----- Data provided -----

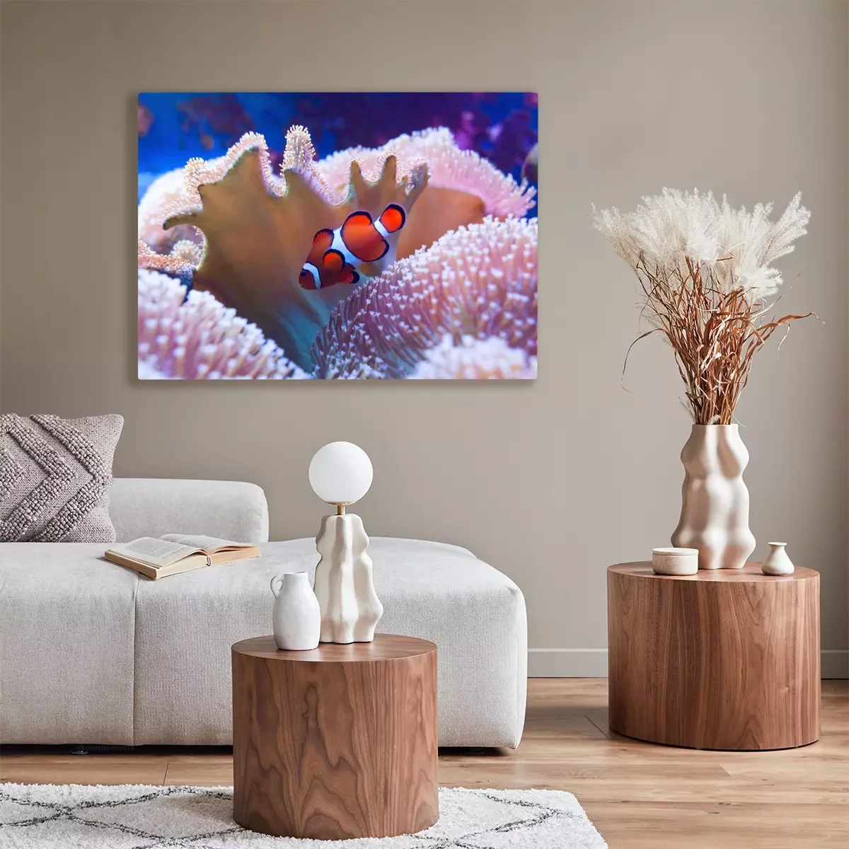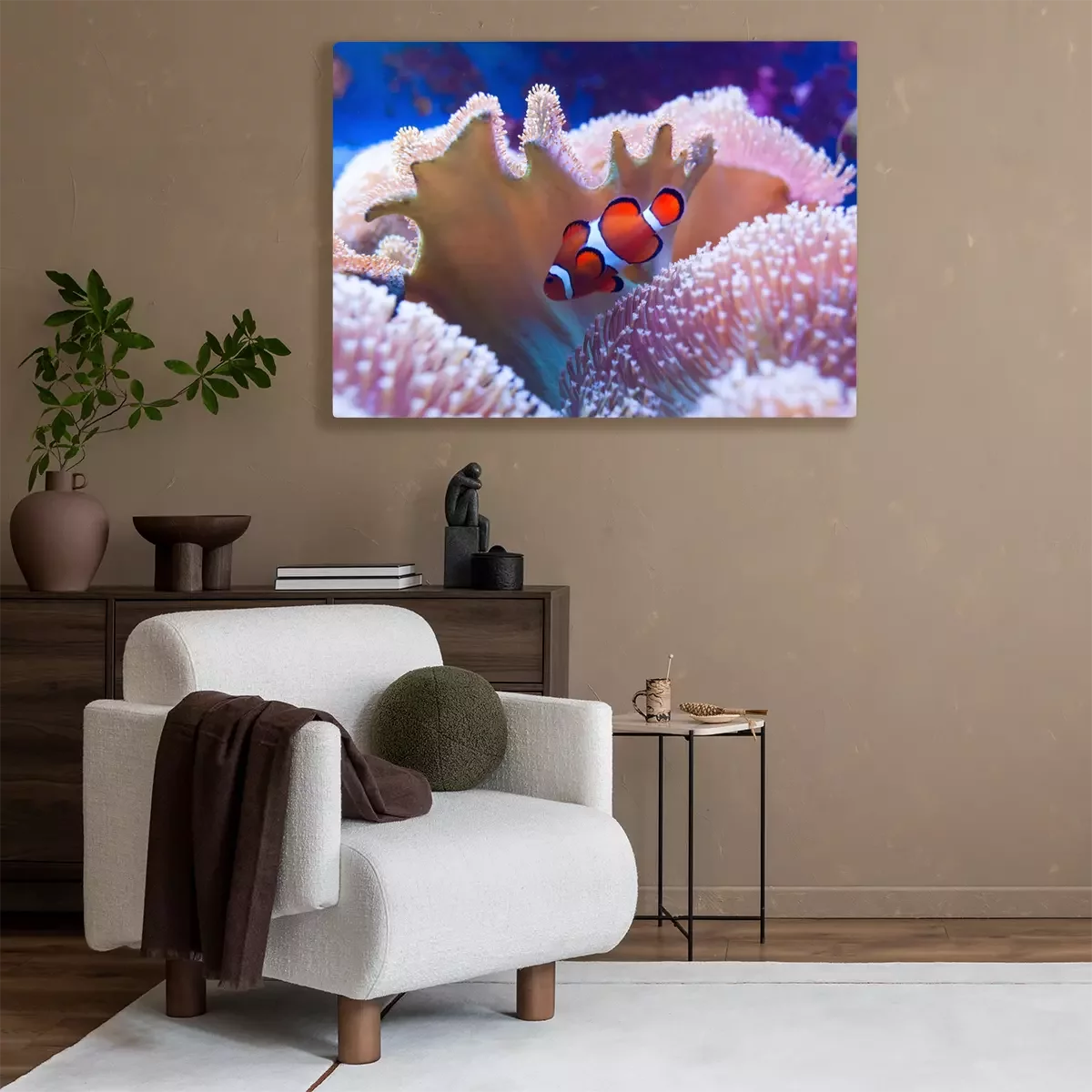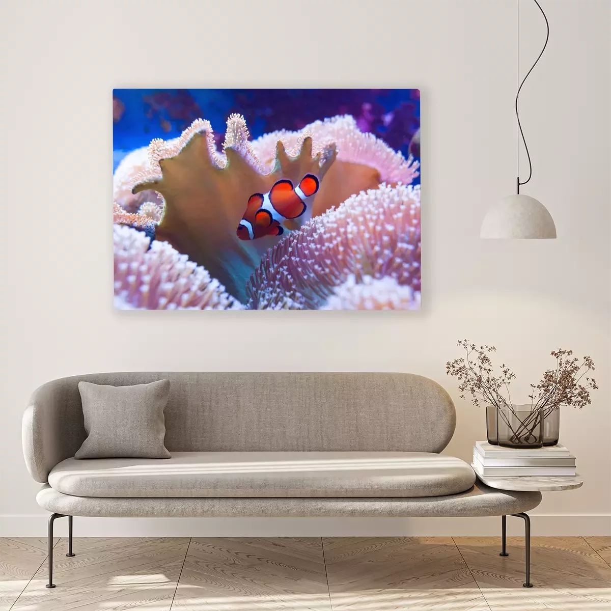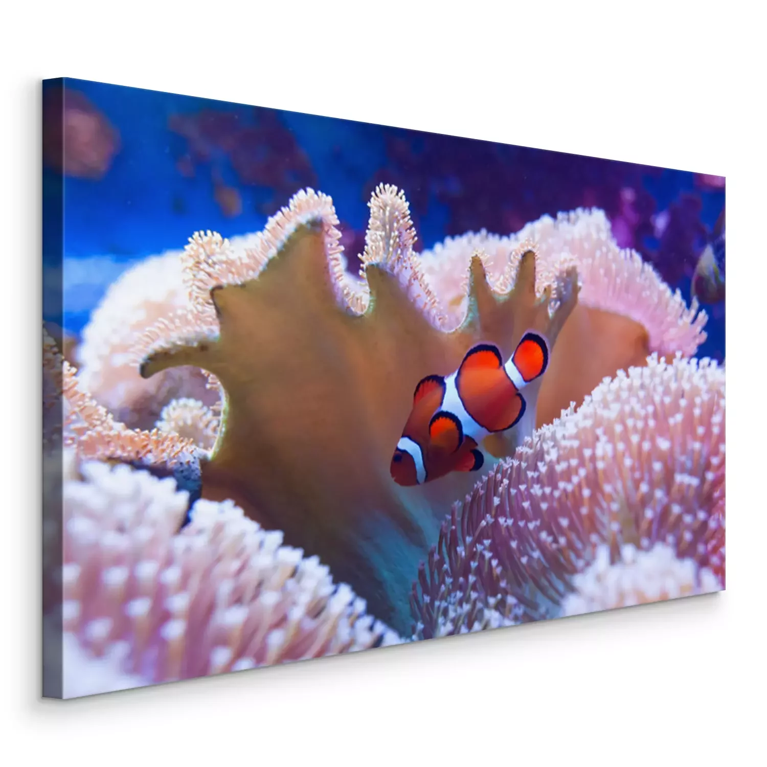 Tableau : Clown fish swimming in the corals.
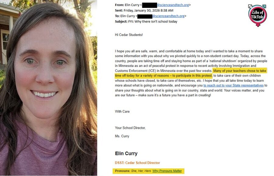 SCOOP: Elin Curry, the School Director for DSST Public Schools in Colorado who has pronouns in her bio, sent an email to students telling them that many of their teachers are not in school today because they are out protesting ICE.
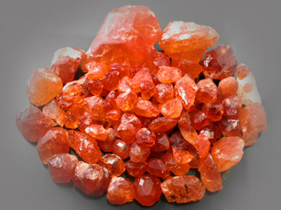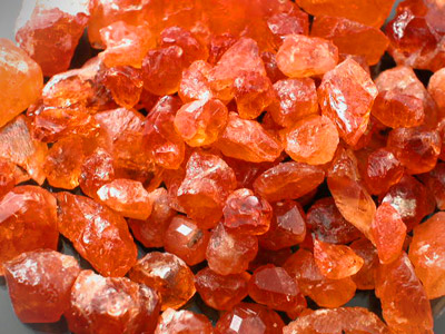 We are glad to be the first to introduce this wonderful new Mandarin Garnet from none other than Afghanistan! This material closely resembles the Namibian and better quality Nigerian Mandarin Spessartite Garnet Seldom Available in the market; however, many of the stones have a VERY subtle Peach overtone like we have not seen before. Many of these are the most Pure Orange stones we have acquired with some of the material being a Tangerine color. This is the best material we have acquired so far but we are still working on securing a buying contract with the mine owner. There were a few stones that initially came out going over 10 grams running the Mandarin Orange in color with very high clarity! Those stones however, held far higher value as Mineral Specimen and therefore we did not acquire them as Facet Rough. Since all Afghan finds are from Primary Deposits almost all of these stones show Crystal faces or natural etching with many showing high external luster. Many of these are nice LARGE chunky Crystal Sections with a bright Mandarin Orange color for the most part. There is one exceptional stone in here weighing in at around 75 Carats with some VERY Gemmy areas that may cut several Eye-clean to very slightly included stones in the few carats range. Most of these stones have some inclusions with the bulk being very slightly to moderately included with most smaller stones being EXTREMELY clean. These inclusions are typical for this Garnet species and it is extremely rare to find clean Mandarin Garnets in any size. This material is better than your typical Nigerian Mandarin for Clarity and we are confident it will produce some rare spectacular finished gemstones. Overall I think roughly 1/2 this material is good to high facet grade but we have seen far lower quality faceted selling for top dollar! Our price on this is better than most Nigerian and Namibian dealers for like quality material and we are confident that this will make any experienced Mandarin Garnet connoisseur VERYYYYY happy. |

-----

▶ What the task asks: Begin at the first line of the data above and repeat each line exactly, stopping after the line containing "SCOOP: Elin Curry, the". Omit the pictures.

▶ Reply:
 Tableau : Clown fish swimming in the corals.
 SCOOP: Elin Curry, the School Director for DSST Public Schools in Colorado who has pronouns in her bio, sent an email to students telling them that many of their teachers are not in school today because they are out protesting ICE.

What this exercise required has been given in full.